Осенью как-то приехал Иван на Иртыш за водой, развернул телегу вдоль берега, только за черпак взялся, чтоб лёд проломить да воды начерпать, а тут Курган летит как угорелый. Разогнался с берега да на лёд, а лёд хрупкий — Иртыш только-только встал, — к тому же метрах в десяти от берега была довольно широкая полынья. Оказавшись на скользком льду, которого он ещё не видел в своей жизни, Курган почуял неладное, попытался затормозить, развернуться, неуклюже загребая лапами, потом упал и, проломив тонкие закрайки полыньи, оказался в воде. Он колотил лапами, стараясь выскочить, а сильное течение тянуло под лёд.
Обломки льда шуршали, переворачивались, и, позванивая, скрывались в воде. Курган то ли устал, то ли понял безвыходность: держась передними лапами за кромку льда, он протяжно заскулил.
Иван суетился на берегу, не зная как помочь и надеясь, что Кургану всё-таки удастся выскочить, но когда тот просяще заскулил, к Ивану быстро пришло решение: он отстегнул вожжи, набрал их на руку, как набирают аркан, и швырнул в полынью. «Возьми!» — крикнул Иван, но Курган уже и сам следил за вожжами, и как только конец их, подхваченный течением, приблизился, он вцепился в него зубами и не отпустил до тех пор, пока Иван не вытащил его на берег. Курган отряхнулся, снова тихо заскулил, будто извиняясь за свою оплошность, и лизнул руку Ивану, потом залаял и со всех ног пустился вдоль берега. Иван черпал воду, поглядывая на Кургана, и думал: «Молодой ещё, дури много…»
По молодости и у самого Ивана дури было хоть отбавляй: и кулаки чесались, и с девками баловался. Потом, когда уже шестой десяток разменял, утихомирился…

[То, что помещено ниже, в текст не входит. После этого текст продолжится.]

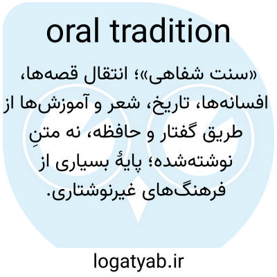«سنت شفاهی»؛ انتقال قصه‌ها، افسانه‌ها، تاریخ، شعر و آموزش‌ها از طریق گفتار و حافظه، نه متنِ نوشته‌شده؛ پایهٔ بسیاری از فرهنگ‌های غیرنوشتاری.
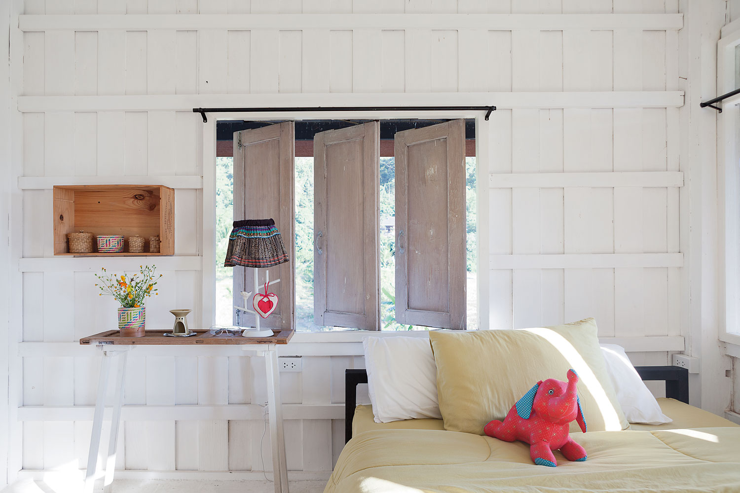 ดูเหมือนสายสัมพันธ์ของการใช้ชีวิตในสังคมใหญ่จะค่อยๆจางหายไปนานแค่ไหนแล้วที่เราแทบไม่ได้นึกถึง“เพื่อนบ้าน” ทั้งที่พวกเขาอยู่ใกล้เราแค่เอื้อม แต่กลับมีรั้วคอนกรีตสูงบ่งบอกอาณาเขตของกันและกันแทน ต่างจากบ้านน้อยสองหลังนี้ที่อยู่เรียงเคียงกัน เพราะเห็นความสำคัญของคำว่า“เพื่อน” อีกทั้งทิวทัศน์ของทุ่งนากว้างใหญ่เบื้องหน้า และภูเขาสูงสง่าของดอยหลวงเชียงดาวซึ่งตั้งรับกับปุยเมฆที่เคลื่อนตัวผ่านไปอย่างช้าๆ ก็เป็นเหตุผลให้ คุณแดง-อัจฉรา บุนนาค และคุณฟ้าใส วิเศษกุล สองเพื่อนสาวต่างวัยเลือกมาสร้าง บ้านหลังเล็ก ใกล้กันบนดินแดนแสนงดงามแห่งนี้
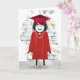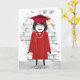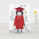 Cute stick-flicka med hår, studenten-diploma, rödgås, pärlhalsband, senor och lock för student-grattisar.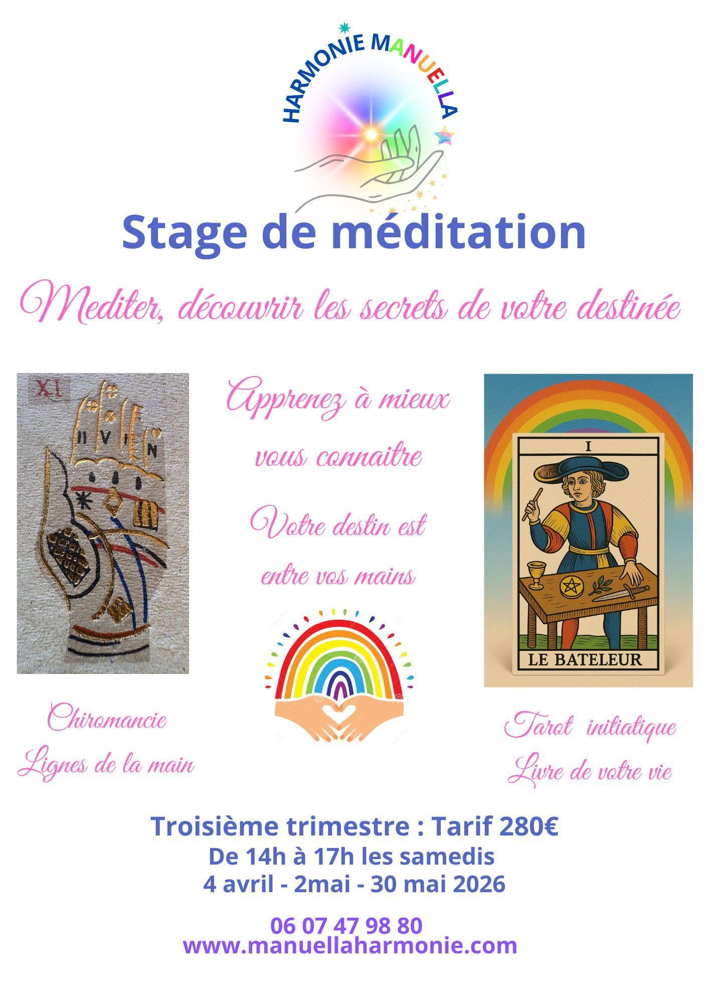 - La séance de méditation du samedi propose une découverte initiatique du tarot de Marseille.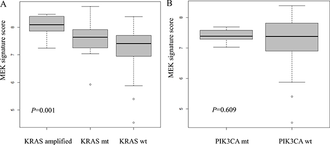Figure 3: Distribution of MEK signature in Korean cohort according to (A) KRAS mutation or amplification; (B) PIK3CA mutation status.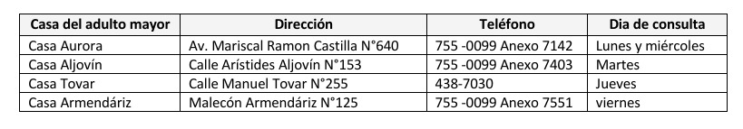 Las consultas medicas se dan en las cuatro casas del adulto mayor del distrito, previa cita desde las 8:00 a.m. a 5:00 p. m., de acuerdo al siguiente cronograma: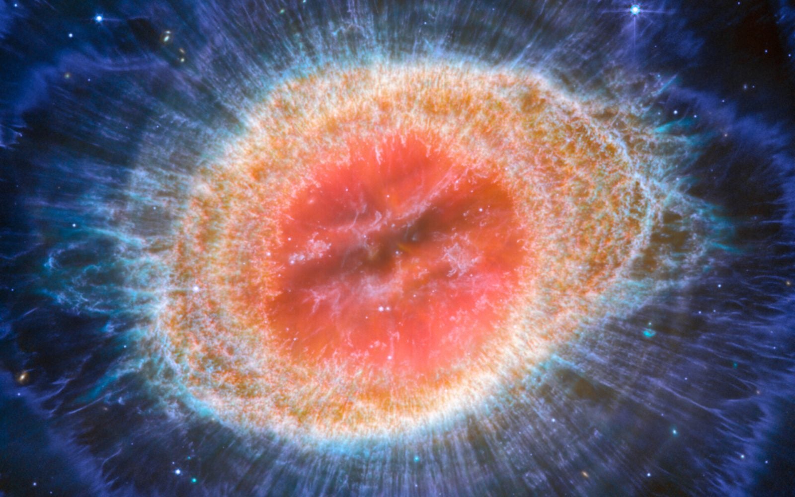Na pierwszy rzut oka wnętrze mgławicy może wydawać się pustę, jednak wcale takie nie jest. Obserwacje za pomocą kamery NIRCam wskazują, że wypełnione jest one gorącą materią gazową o stosunkowo niskiej gęstości. Wyraźny na obu zdjęciach barwny pierścień otaczający centrum kadru utworzony jest z materii odrzuconej przez umierającą gwiazdę. Teraz po gwieździe pozostał jedynie biały karzeł, który na przestrzeni wielu miliardów lat będzie stopniowo stygł, aż z czasem, w odległej przyszłości stanie się czarnym karłem.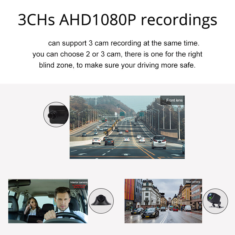 Three-way camera: 1080 front, 1080 rear, 1080 right view or in car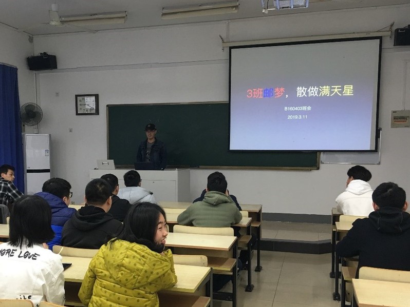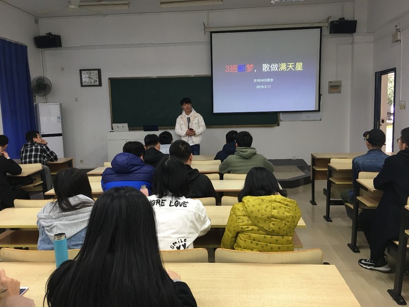 为了使同学对即将面临的选择有更进一步的了解,并且打消自己的徘徊和犹豫,坚定自己的决心,做出符合自己情况的选择,用每一个今天的努力为下一个明天的成功蓄势,2019年3月11日,B160403班在教2-103开展“三班邮梦 散做满天星”主题班会。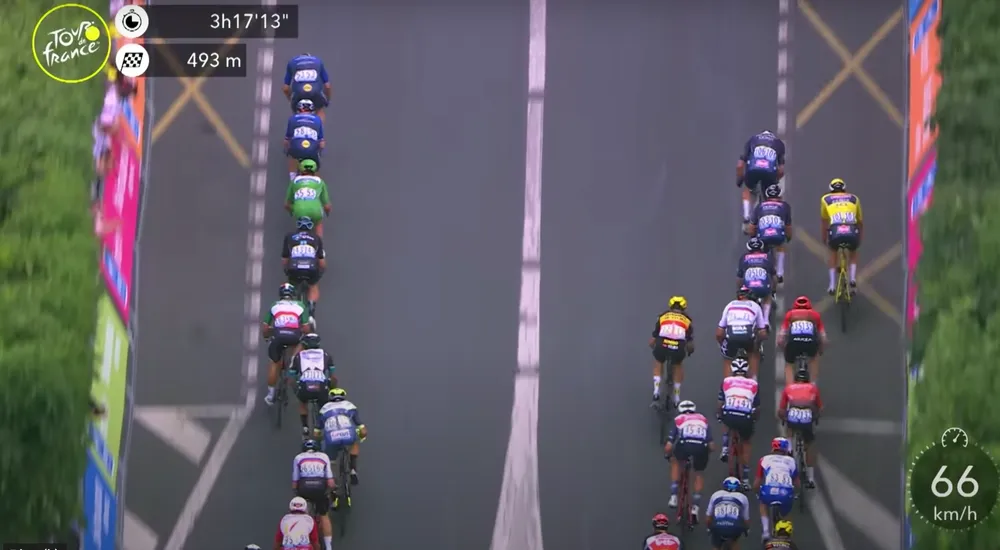 Cảnh tượng các tay đua “bố trận” nước rút thật ấn tượng. Các tay đua xếp thành hai hàng tách biệt để rút về đích. Phía bên phải, đội Alpecin-Fenix dốc toàn lực làm việc cho Jasper Philipsen, trong khi đó bên đối diện, Deceuninck-QuickStep cũng tràn quân lên để đưa Mark Cavendish về đích. Hai hàng VĐV như hai mũi tên lao về đích với tốc độ gần 70km/h.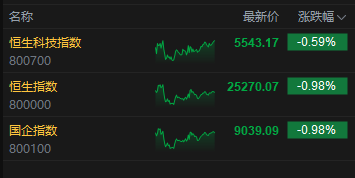 8月15日消息,港股三大指数集体下跌。截至收盘,恒生指数跌0.98%,报25270.07点,恒生科技指数跌0.59%,国企指数跌0.98%。盘面上,科网股普跌,阿里巴巴、网易、京东跌超3%,美团跌超2%,哔哩哔哩涨超2%;互联网医疗股大涨,叮当健康涨超36%;中资券商股走强,中信建投涨超10%;生物技术股多股大涨,银诺医药上市首日涨超206%;苹果概念午后持续走强,鸿腾精密涨超33%;半导体板块涨幅居前,英诺赛科涨超17%;稳定币概念走弱,耀才证券金融跌超7%。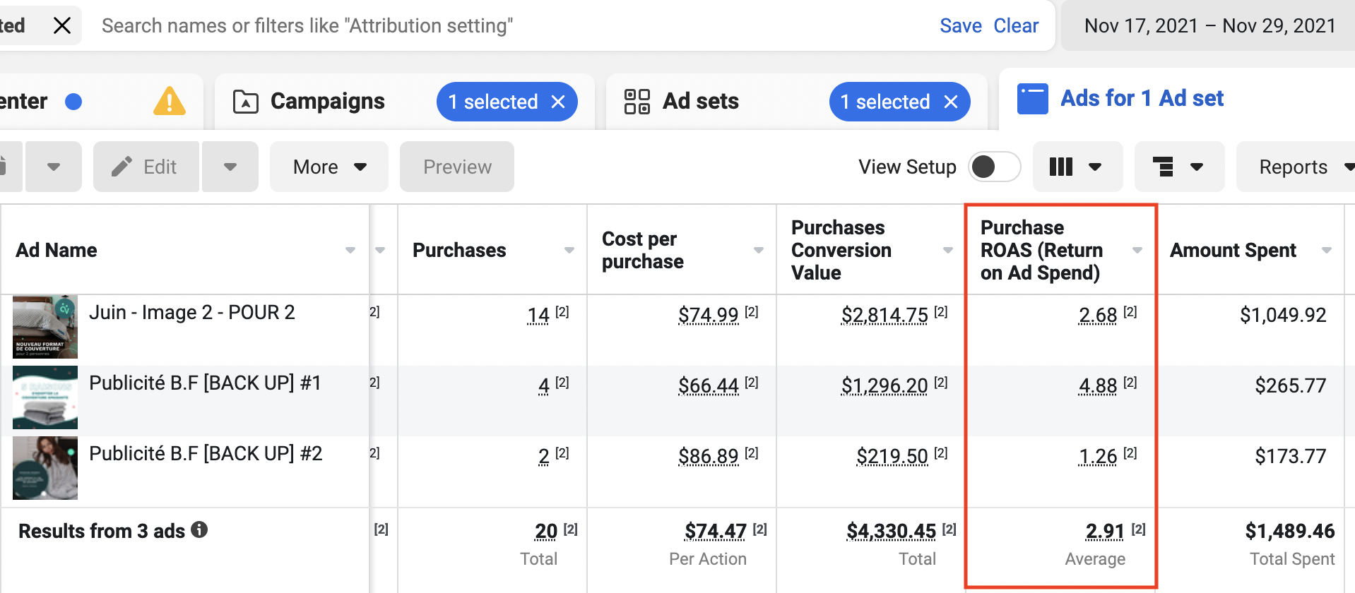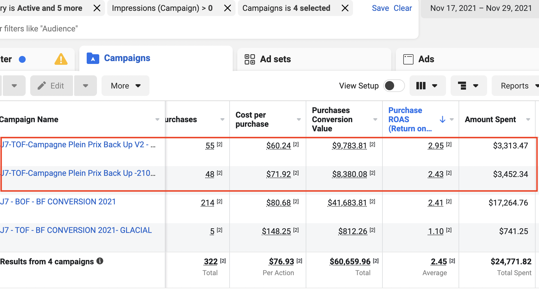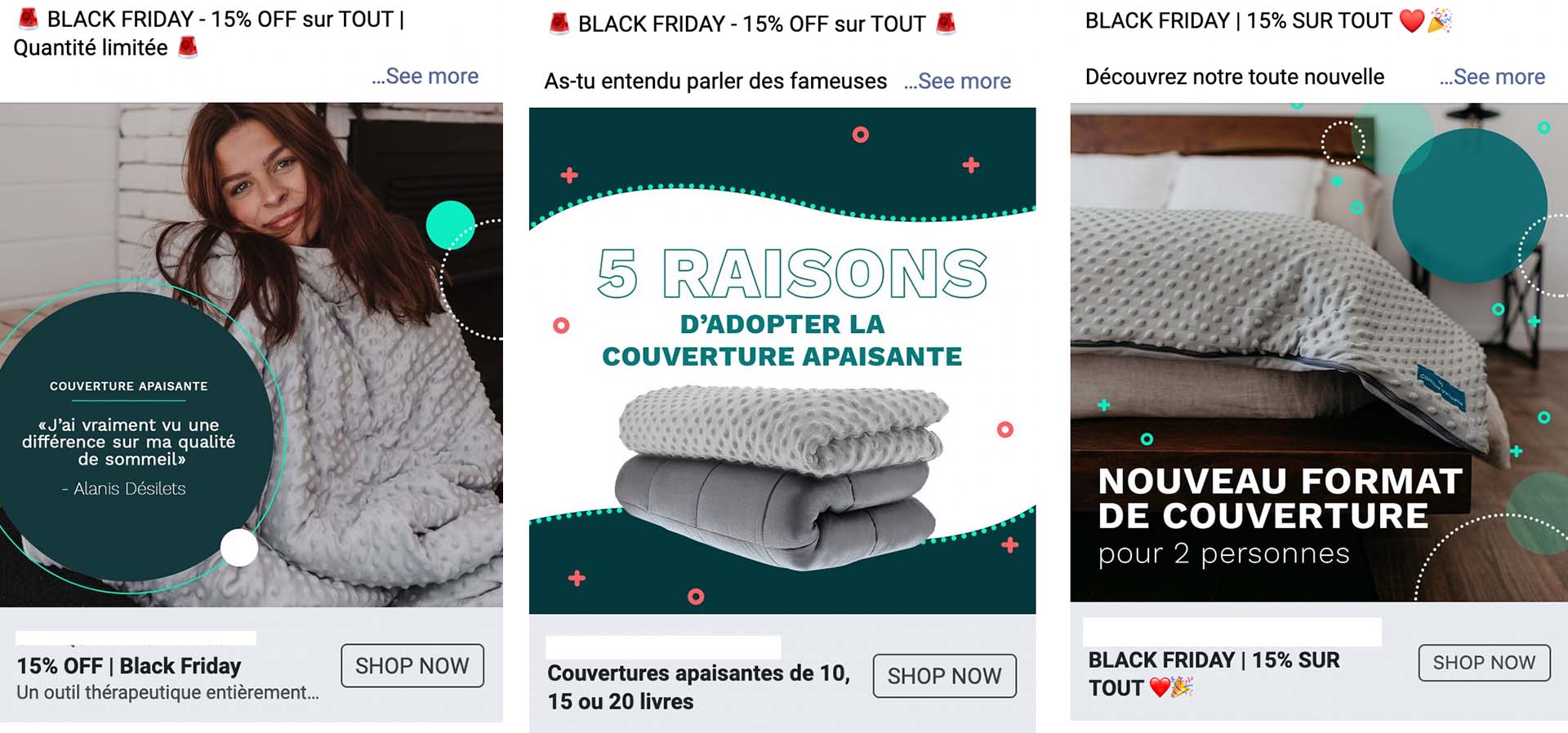 Ces deux campagnes « Back Up » sont composées, en majeure partie, de publicités evergreen qui n’étaient pas destinées au Black Friday. Et c’est parce qu’elles ont fonctionné dans le passé sur une audience froide que le directeur de compte les a utilisées à nouveau pour cette période!

Краешек солнца ещё выглядывал из-за леса, но лучи его, пронзая стайку белых кучевых облаков, устремлялись куда-то в бескрайнее небо. Через дорогу, миролюбиво хрюкая, шла грязнющая свинья с поросятами. Курган остановился, пропуская свиное семейство, повернул морду к Ивану и вильнул хвостом, будто спрашивая: «Помнишь?..»
И Иван вспомнил. Это было лет десять назад, а может, и больше. Курган тогда совсем молоденький был, но уже стремился «верой и правдой» служить хозяину, потому и перестарался.
Хозяйство у Ивана было большое: коровы, овцы, гуси, куры, а тут как раз ещё и двух поросят купил. Прибирался как-то в огороде, глядь — а поросят трое. Чужой чей-то зашёл, соседский, а который из трёх — бог его знает. Роста все одинакового, никаких особых примет.
— Катя, тут поросёнок чей-то приблудился, выгнать надо. Иди покажи, которые тут наши.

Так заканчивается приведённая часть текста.